For those of you who don't want to watch it for any reason, I'll tell you. The word is used three or four times, in the following contexts: traps, 'other hazards', 'non-combat situation such as chasing a guy in a crowded market rolling for such skills like Athletics, Acrobatics and Streetwise'. Also, he doesn't say ANYTHING about the importance of role-playing in, you know, a ROLE PLAYING GAME.

Seriously, the fact that D&D is so popular is possibly the one MOST damaging thing and the biggest problem for the hobby. RPG players as seen as these guys who sit in the basement fiddling with miniatures and rolling dice. Not as those guys which create alternate realities in which they play roles, not unlike in theatre, only more freeform, with a lot of improvisation and creating a story together. What games does that description remind you of more - D&D, or World of Darkness? D&D, or Call of Cthulu? D&D, or Warhammer (let's count second or first edition here)?

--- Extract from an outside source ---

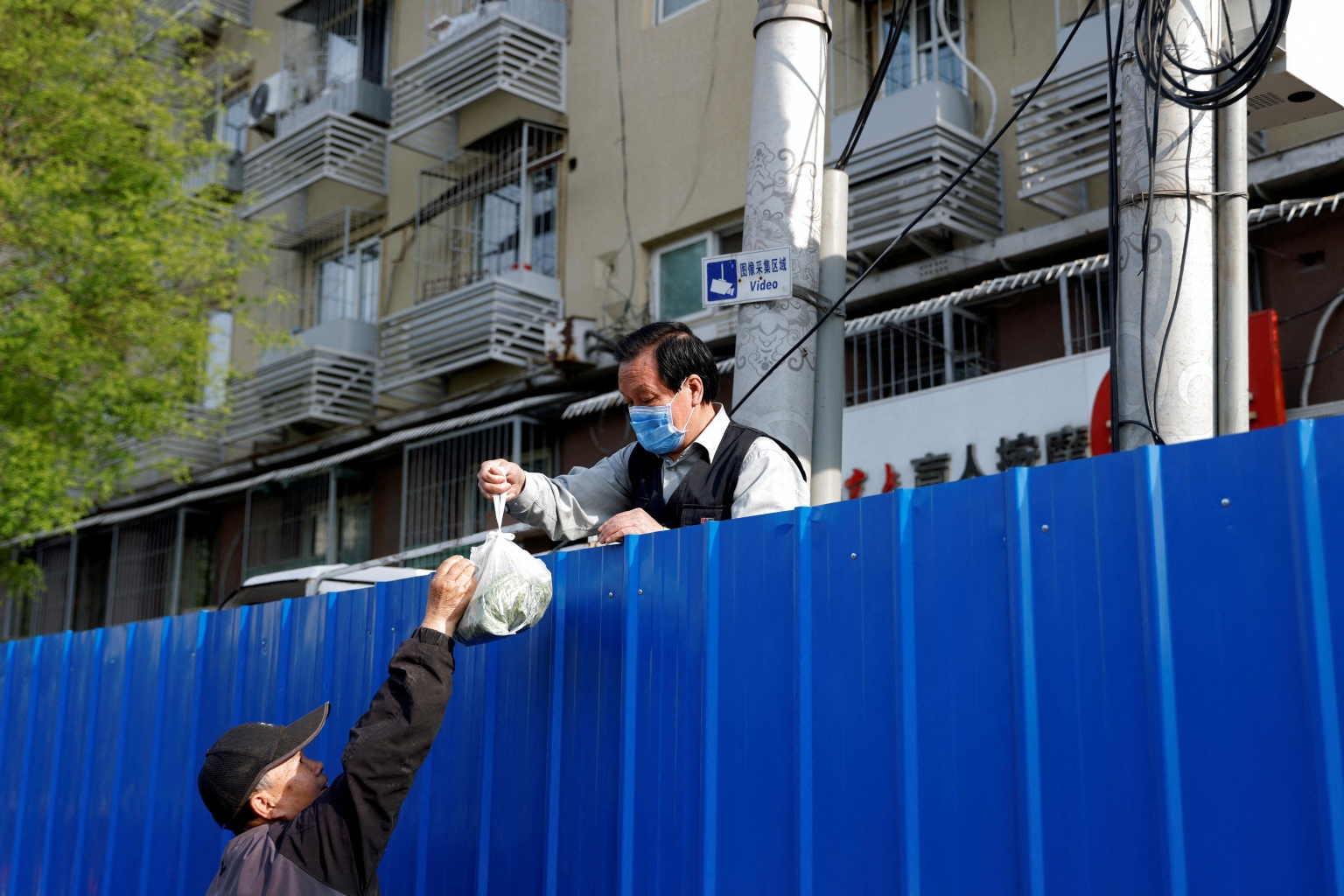 A man receives a bag of vegetables from a residential compound under lockdown in Beijing on April 28, 2022.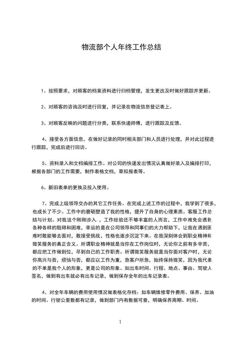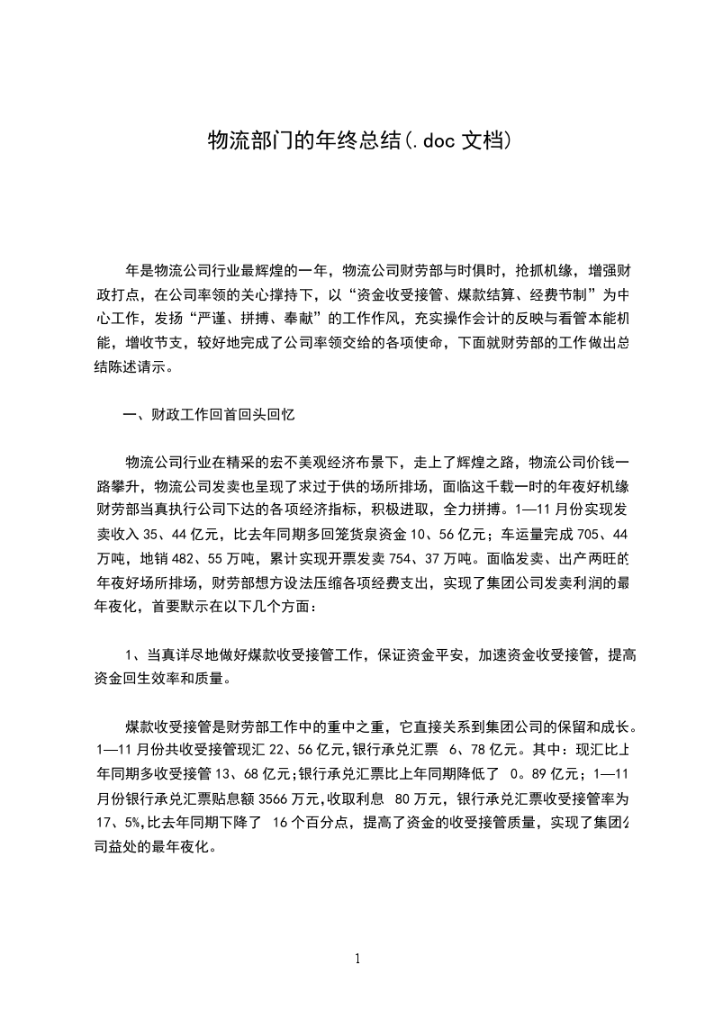 岁月如烟, 年已经离去,回顾过去一年的工作,物流部在公司的得力领导及各部门的配合下,部门的各项工作都在有条不紊的开展,并完成了上年度的工作计划,但在部门日常的各项管理中,仍存在很多的问题,需要不断的改进与完善。现将本部门岗位职责、 年部门主要工作完成情况、存在的问题及 年的工作计划报告如下:

I wanted to read through all the articles from the series, but I simply don't find myself interested in reading about D&D. D&D is not the only RPG on the market, it's not the best RPG on the market in ANY department, and it's also not an RPG, or RP-encouraging, in my understanding. You want the stigma to go away? Start playing something else, preferably more story driven and slanted toward actual role-playing than 'dungeoneering', and promote that. Maybe some day people will finally see that RPG's are probably the most important gaming achievement in human history, or at least in the last 100 years.

I realize this is a bit late and will be considered threadromancy, however this little topic has hit pretty close to home as I have recently had a lot of problems with some of my friends on this very topic.
A few of my seem like fairly nerdy people, they watch Supernatural, they enjoy dragon age mass effect and one of them is deeply immersed in the star wars universe. I thought it might be a cool idea to introduce the serenity RPG (these guys are all massive Firefly fans) It went smashingly. we met on thursdays and shot purple bellies, blew up expensive space mansions, smuggled contraband, etc. But as the game wore on I as the GM began to see a pattern, they enjoyed combat. They thrived on it, every time there was fighting they began to get excited unlike when we were simply roleplaying. I suggested after carful consideration that my nerves couldn't take running fast hard combat on the heavy and cumbersome combat mechanics in the SerenityRPG. I suggested D&D 4.0. Huge mistake. Each person dismissed it. "It's too nerdy", "magic is stupid" It was hypocrisy at it's finest, how can you play one RPG and see another as "too nerdy" it's all the same caliber of nerdy. In all honesty my opinion of the group dropped, I thought I had found a group of people that were excepting of nerd culture. Instead I found a group of guys that want me as the GM to be an interactive simulation, providing option cues and dialogue trees, much like the videogames they play. It frustrated me and left a bit of a division between us as a group ever since.

This has been a great series so far in helping me understand RPGing in a hostile world.